Resistere alla globalizzazione
Gli studenti italiani stanno scendendo in piazza spesso e volentieri per una battaglia dai contorni imprecisati, ma che gode del favore generale: salvare il pianeta.
È una causa generica, che fa sentire buoni coloro che la difendono, i quali però non si domandano molto di più. Non sanno, ad esempio, quante cose sarebbero loro precluse se si effettuasse quella diminuzione del consumo di energia necessaria per eliminare effetti inquinanti. Non sanno che i telefonini di cui fanno uso continuo e spesso ossessivo sono fatti di una componente, il coltan, che proviene da miniere africane. E che proprio per aggiudicarsi questo prezioso minerale molti Paesi del continente vivono in condizioni di penoso sfruttamento e di guerra endemica. E gli esempi di questo tipo da citare sono molti.
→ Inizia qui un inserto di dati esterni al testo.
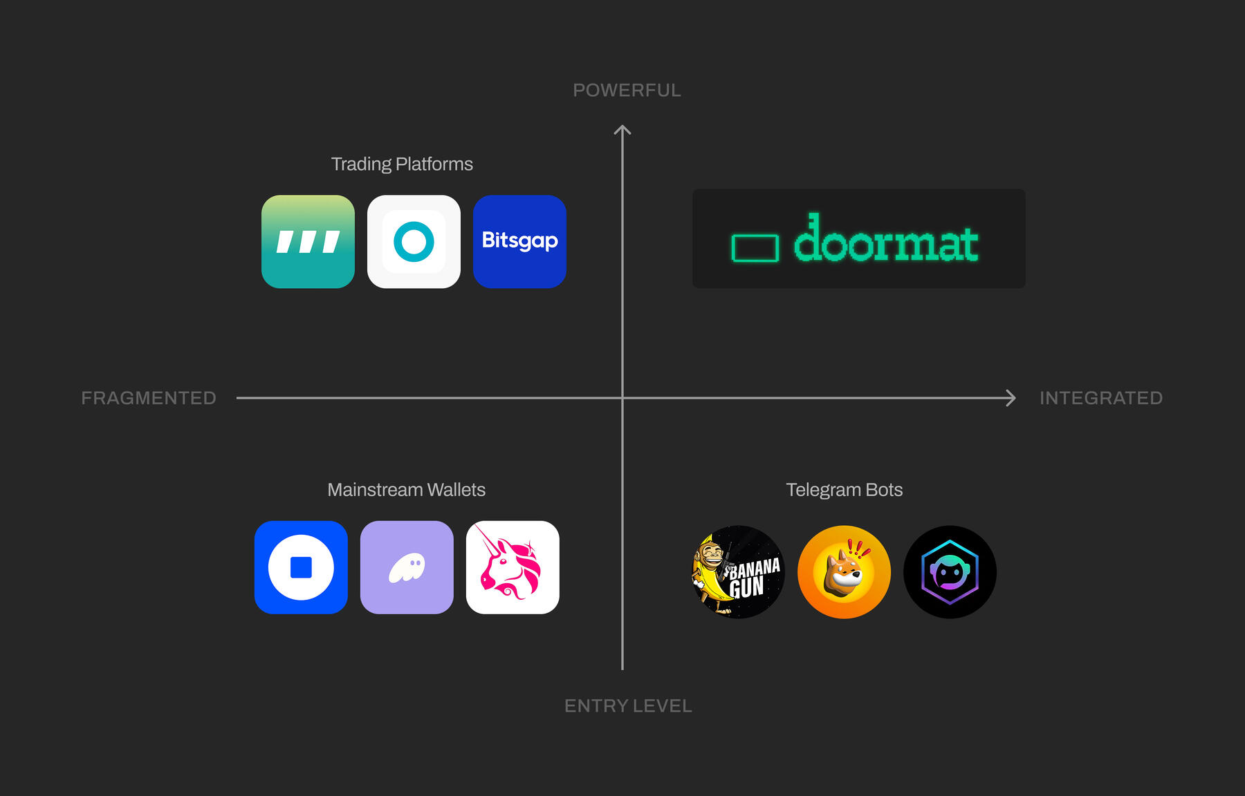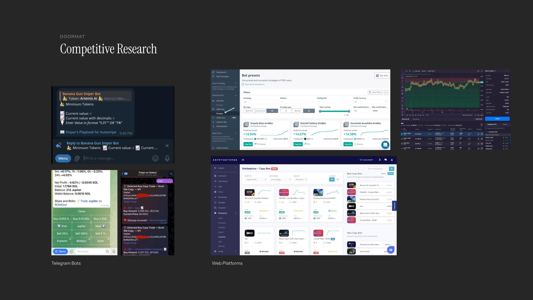 Automation already existed but it was either: Powerful and centralized (web-based trading dashboards) or consumer and opaque (Telegram bots).Telegram bots optimized for speed and virality but required users to give up custody and trust black-box systems. Web dashboards offered more flexibility but assumed exchange accounts and fragmented capital across wallets.Doormat’s differentiator was self-custody and consumer-style product with powerful trading features already integrated.

Ma non sono solo i giovani a dichiararsi favorevoli a cause per le quali non sono disposti a compiere il più piccolo sacrificio, dal momento che rinunciare a un giorno di scuola non si può certo considerare tale. Siamo tutti noi che scegliamo ormai abitualmente di comprare nelle catene prodotti che contribuiscono alla più violenta globalizzazione, solo perché costano meno e sono di buon aspetto, invece che nei negozi delle nostre città, presso i nostri artigiani.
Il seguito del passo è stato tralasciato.